亚洲男人的天堂2018av,欧美草比,久久久久久免费视频精选,国色天香在线看免费,久久久久亚洲av成人片仓井空

We propose the AdaPtive Noise Augmentation (PANDA) procedure to regularize the estimation and inference of generalized linear models (GLMs). PANDA iteratively optimizes the objective function given noise augmented data until convergence to obtain the regularized model estimates. The augmented noises are designed to achieve various regularization effects, including $l_0$, bridge (lasso and ridge included), elastic net, adaptive lasso, and SCAD, as well as group lasso and fused ridge. We examine the tail bound of the noise-augmented loss function and establish the almost sure convergence of the noise-augmented loss function and its minimizer to the expected penalized loss function and its minimizer, respectively. We derive the asymptotic distributions for the regularized parameters, based on which, inferences can be obtained simultaneously with variable selection. PANDA exhibits ensemble learning behaviors that help further decrease the generalization error. Computationally, PANDA is easy to code, leveraging existing software for implementing GLMs, without resorting to complicated optimization techniques. We demonstrate the superior or similar performance of PANDA against the existing approaches of the same type of regularizers in simulated and real-life data. We show that the inferences through PANDA achieve nominal or near-nominal coverage and are far more efficient compared to a popular existing post-selection procedure.

相關內容

We consider the problem of signal estimation in generalized linear models defined via rotationally invariant design matrices. Since these matrices can have an arbitrary spectral distribution, this model is well suited for capturing complex correlation structures which often arise in applications. We propose a novel family of approximate message passing (AMP) algorithms for signal estimation, and rigorously characterize their performance in the high-dimensional limit via a state evolution recursion. Our rotationally invariant AMP has complexity of the same order as the existing AMP derived under the restrictive assumption of a Gaussian design; our algorithm also recovers this existing AMP as a special case.
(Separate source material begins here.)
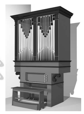
Rendering of seven stop tracker organ for Wesley United Methodist Church - Elkton, MD

It is a rare company that can encompass the best of it all, yet this is our goal.

Numerical results showcase a performance close to Vector AMP (which is conjectured to be Bayes-optimal in some settings), but obtained with a much lower complexity, as the proposed algorithm does not require a computationally expensive singular value decomposition.

Graph-based data structures have drawn great attention in recent years. The large and rapidly growing trend on developing graph processing systems focuses mostly on improving the performance by preprocessing the input graph and modifying its layout. These systems usually take several hours to days to complete processing a single graph on high-end machines, let alone the overhead of pre-processing which most of the time can be dominant. Yet for most graph applications the exact answer is not always crucial, and providing a rough estimate of the final result is adequate. Approximate computing is introduced to trade off accuracy of results for computation or energy savings that could not be achieved by conventional techniques alone. In this work, we design, implement and evaluate GraphGuess, inspired from the domain of approximate graph theory and extend it to a general, practical graph processing system. GraphGuess is essentially an approximate graph processing technique with adaptive correction, which can be implemented on top of any graph processing system. We build a vertex-centric processing system based on GraphGuess, where it allows the user to trade off accuracy for better performance. Our experimental studies show that using GraphGuess can significantly reduce the processing time for large scale graphs while maintaining high accuracy.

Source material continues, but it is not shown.